» **What you need to do**
As you write out the lines from the one containing "Chic leggings with" through the last line of the records, keep them exact and leave out pictures.

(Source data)
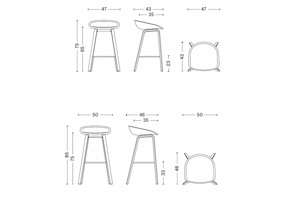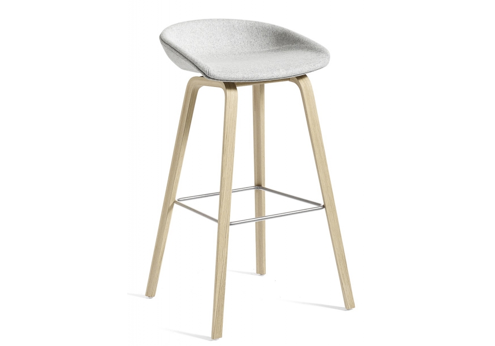 About a Stool AAS 33 diseñado por Hee Welling & Hay para Hay es un taburete con carcasa de polipropileno moldeado por inyección con completo acolchado, base en roble o nogal y reposapiés en negro o acero inoxidable. Disponible en diferentes medidas y tapizados.
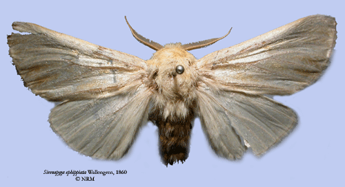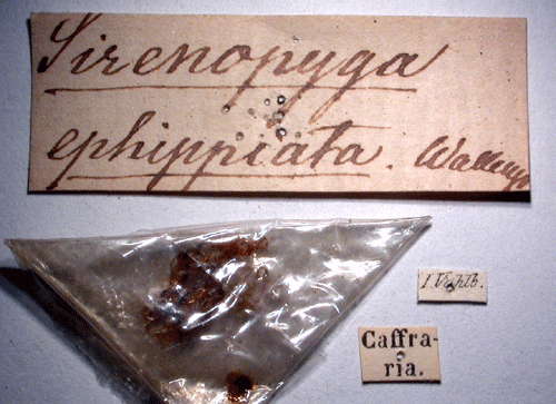 ![]() Sirenopyga ephippiata Wallengren, 1858. Reference: Wallengren, H.D.J. 1858, Nya Fjäril-slägten. - Öfversikt af Kongliga Vatenskaps-Akademiens Förhandllingar, femtonde årgången. pp 209-215, P. A. Norstedt & Söner, Stockholm. Return to species-list. |
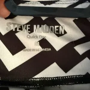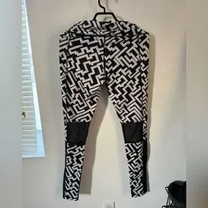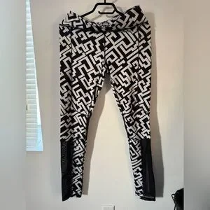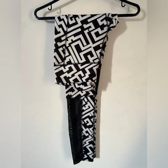 Chic leggings with a geometric pattern. Features bold black and white design.
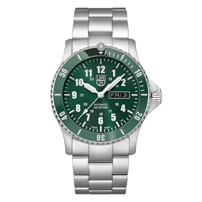 Case Diameter: 42 mm - Case Shape: Round - Case Material: Steel - Case Color: Gray Metallic - Band Material: Steel - Band Color: Metallic Gray - Dial Color: Green - Dial Light: None - Stone: None - Operation Type: Analog - Technology: Automatic - Calendar: Yes - Chronometer: None - Alarm: None - Glass Feature: Sapphire - Feature: Case Thickness: 13 mm - Water Resistance: 20 ATM - Warranty Period: 2 Years - Gender: Male
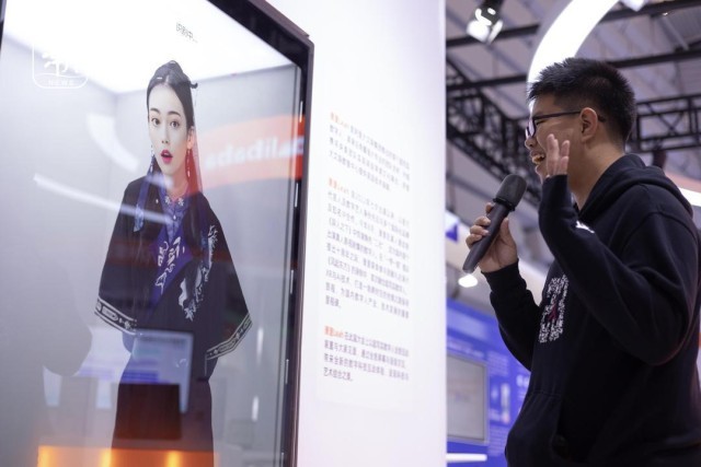 互联网之光博览会数字人讲解员向参展观众们娓娓道来展会概况。
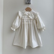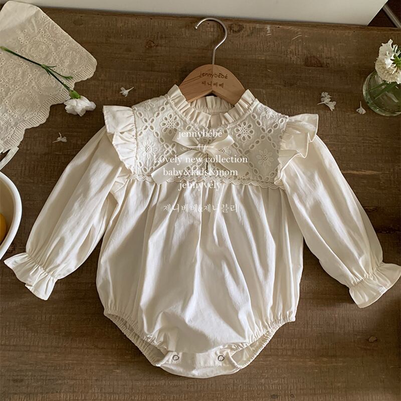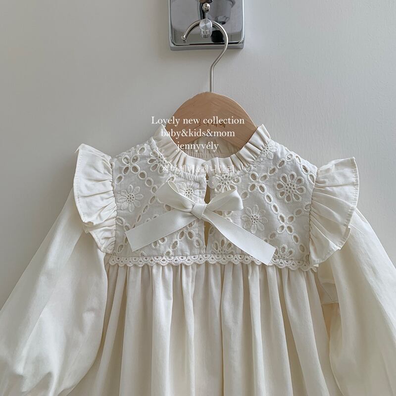 ins 韓国子供服 女の子 立ち襟 レース ベビー服 おしゃれ 出産祝い 普段着 森ガール 春 秋

» **Reply to the exercise**
 Chic leggings with a geometric pattern. Features bold black and white design.
 Case Diameter: 42 mm - Case Shape: Round - Case Material: Steel - Case Color: Gray Metallic - Band Material: Steel - Band Color: Metallic Gray - Dial Color: Green - Dial Light: None - Stone: None - Operation Type: Analog - Technology: Automatic - Calendar: Yes - Chronometer: None - Alarm: None - Glass Feature: Sapphire - Feature: Case Thickness: 13 mm - Water Resistance: 20 ATM - Warranty Period: 2 Years - Gender: Male
 互联网之光博览会数字人讲解员向参展观众们娓娓道来展会概况。
 ins 韓国子供服 女の子 立ち襟 レース ベビー服 おしゃれ 出産祝い 普段着 森ガール 春 秋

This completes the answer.